Although Jimmy Carter had begun to aid the Afghan Mujahedin in their war against the Soviet invaders, Reagan ramped it up with a literal vengeance. As mentioned earlier, he also increased defense spending -- in particular, beginning a program that would be called "Star Wars" to build a defense shield against missile attack.

Reagan rejected the long-standing doctrine of Mutual Assured Destruction, reasonably judging the mutual threat of annihilation as immoral. However, few thought a "leakproof" missile shield was possible. Even if the USA were able to intercept 90% of 100 Soviet missiles launched at America -- which would be a very high "kill rate" -- that would still mean the complete destruction of ten US cities, and the deaths of tens of millions of Americans. That would be a casualty level much greater than all of America's wars put together.

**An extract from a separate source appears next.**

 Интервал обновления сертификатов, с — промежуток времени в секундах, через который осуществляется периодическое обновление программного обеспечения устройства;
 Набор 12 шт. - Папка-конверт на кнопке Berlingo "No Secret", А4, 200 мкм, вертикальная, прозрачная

In addition, if the Americans built up missile defenses, it would be easier for the USSR to add decoys and other countermeasures to frustrate the defense than it would be to improve the defense to deal with them. Nonetheless, the Soviets were very paranoid about Star Wars, believing that the USA was plotting to build a missile shield and then attack the USSR with impunity. Reagan's talk about an "evil empire" suggested to them that he really wanted to destroy the Soviet Union. Their paranoia blinded them to the reality that such a missile shield was not practical.

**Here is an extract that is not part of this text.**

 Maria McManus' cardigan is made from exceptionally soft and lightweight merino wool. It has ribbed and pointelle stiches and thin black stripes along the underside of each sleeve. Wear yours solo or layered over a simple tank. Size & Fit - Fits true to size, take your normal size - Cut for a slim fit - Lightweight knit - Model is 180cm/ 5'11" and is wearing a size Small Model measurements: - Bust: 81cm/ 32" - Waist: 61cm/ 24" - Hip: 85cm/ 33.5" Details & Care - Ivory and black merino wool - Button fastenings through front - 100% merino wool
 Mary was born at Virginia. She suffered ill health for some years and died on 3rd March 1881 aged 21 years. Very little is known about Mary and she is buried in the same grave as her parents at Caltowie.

After the death of Chernenko, Mikhail Gorbachov (1931:2022) became the Party Secretary of the USSR. It gradually became apparent that Gorbachov was not cut from the same mold as his predecessors. Although he remained committed to communist ideals, he believed that the system could be reformed, adopting a policy of "glasnost (openness)". Feeling his way, Gorbachov loosened the Soviet grip on Eastern Europe, most particularly in Poland, though with all of the states there moving towards independence. Reagan engaged with Gorbachov, telling reporters that he no longer believed the USSR was an "evil empire". Although early conversations between the two leaders were exercises in miscommunication -- hobbled by their complementary failures to realize the impracticality of Star -- they were able to sign an agreement in 1987 to limit intermediate-range nuclear forces.

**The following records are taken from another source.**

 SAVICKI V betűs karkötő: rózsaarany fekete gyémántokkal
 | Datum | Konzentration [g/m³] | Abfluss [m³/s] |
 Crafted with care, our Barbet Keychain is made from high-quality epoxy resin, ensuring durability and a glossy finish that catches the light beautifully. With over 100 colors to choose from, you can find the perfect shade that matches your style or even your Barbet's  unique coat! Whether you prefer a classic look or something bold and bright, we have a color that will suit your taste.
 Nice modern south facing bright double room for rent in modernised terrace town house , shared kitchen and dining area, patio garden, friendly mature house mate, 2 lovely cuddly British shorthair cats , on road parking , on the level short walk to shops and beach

There was little tension between the USA and China on Reagan's watch. China was emerging from the disorder of the Mao years, under the tutelage of Deng Xiaoping (1904:1997) -- the paramount figure in the reform effort, even though he was never China's head of state, nor head of the Chinese Communist Party. In particular, Deng gave a much looser leash to private enterprise, and sought to integrate China into the world economy. Deng liked to quote an old proverb: "It doesn't matter if a cat is black or white, if it catches mice." The Reagan Administration encouraged the process.

Ironically, there was at least publicly more tension with Japan, a staunch American ally. Japan was going from strength to strength at the time, having become an export powerhouse -- with much of the credit going to the Japanese government's Ministry of International Trade & Industry (MITI). Americans often perceived that the Japanese were taking advantage of open trade into the USA and elsewhere, while raising barriers to imports. Books warning of a Japanese threat were popular in the USA, while books promoting Japanese assertiveness were popular in Japan. [TO BE CONTINUED]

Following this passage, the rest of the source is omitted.